Custom Rules

Custom rules apply settings to devices hosting the Application Control Agent and configuration. You can add items to the Allowed Items, Denied Items, Trusted Vendors, User Privileges, and Browser Control nodes in each group rule node. For more information, see Rule Items.

Custom rules allow security control rules to be applied when certain conditions are met. You can specify conditions for the following:

  • Computer
  • Directory membership
  • Environment
  • Files and folders
  • Registry
  • Session and client
  • The user

For example, you can create a custom rule that allows only users who belong to the Finance OU and who are not working on laptops to self-elevate to install a specific accounting application.

You can also create custom scripted conditions using Visual Basic or Java Script.

For more information on conditions for custom rules, see Condition Management.

Performance and custom rules

Custom rules enable great flexibility when applying conditions to rules. It may important to understand how they are processed in order to best manage your system performance.

The custom rules engine is very powerful but it can demand considerable resource. To manage performance, by default, the engine only handles process start actions such as launching an executable. DLLs and other file types requiring execute rights are not handled by the custom rules engine and therefore any rule items targeting them will not apply.

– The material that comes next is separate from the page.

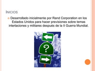 El Método Delphi fue desarrollado originalmente por la Rand Corporation para hacer previsiones después de la Segunda Guerra Mundial. Su objetivo es obtener información cualitativa pero precisa sobre el futuro mediante iteraciones anónimas y retroalimentación controlada para alcanzar un consenso del grupo de forma estadística. Consiste en dos etapas donde los expertos primero estiman eventos futuros de forma individual y luego reconsideran sus respuestas a la luz de los resultados del grupo.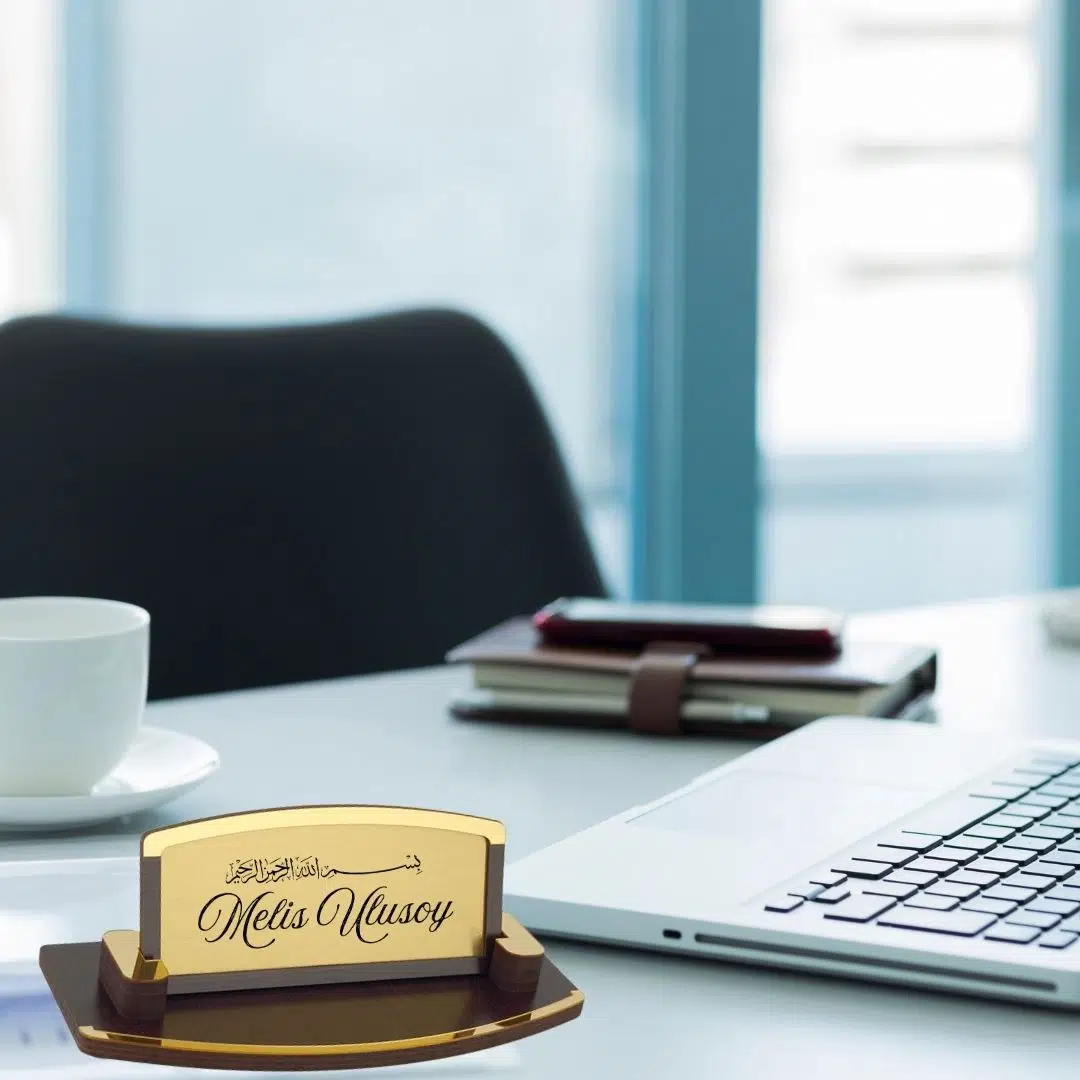 Besmele motifli zarif tasarımıyla öne çıkan bu kişiye özel masa isimliği, ahşap tabanı ve parlak metal plaka detayıyla hem iş ortamlarına hem de ev-ofis dekoruna estetik bir dokunuş katar. İsim ve unvan lazer kazıma tekniğiyle özenle işlenir, böylece uzun yıllar boyunca kalıcı ve net görünümünü korur. Manevi anlamı ve şık görünümü sayesinde özel günlerde, iş yeri açılışlarında veya sevdiklerinize anlamlı bir hediye olarak mükemmel bir tercihtir.

Using the EnableCustomRulesDllChecking custom setting, it is possible to modify the behavior to ensure all requests are processed by the custom rules engine. However, on a busy server, this could result in a performance impact so it is worth considering if Process Rules could deliver the required end result.

Refer to this Community article for further information.

Add or remove a custom rule

If you select the Custom Rules node, the All Custom Rules summary displays the Rule Name and the Security Level.

  • To add a custom rule, click the Add Rule drop-down arrow on the Rules ribbon and select Custom Rule.

  • To remove a custom rule, select a rule and click Remove Rule on the Rules ribbon. A confirmation message displays. Click Yes to confirm the removal.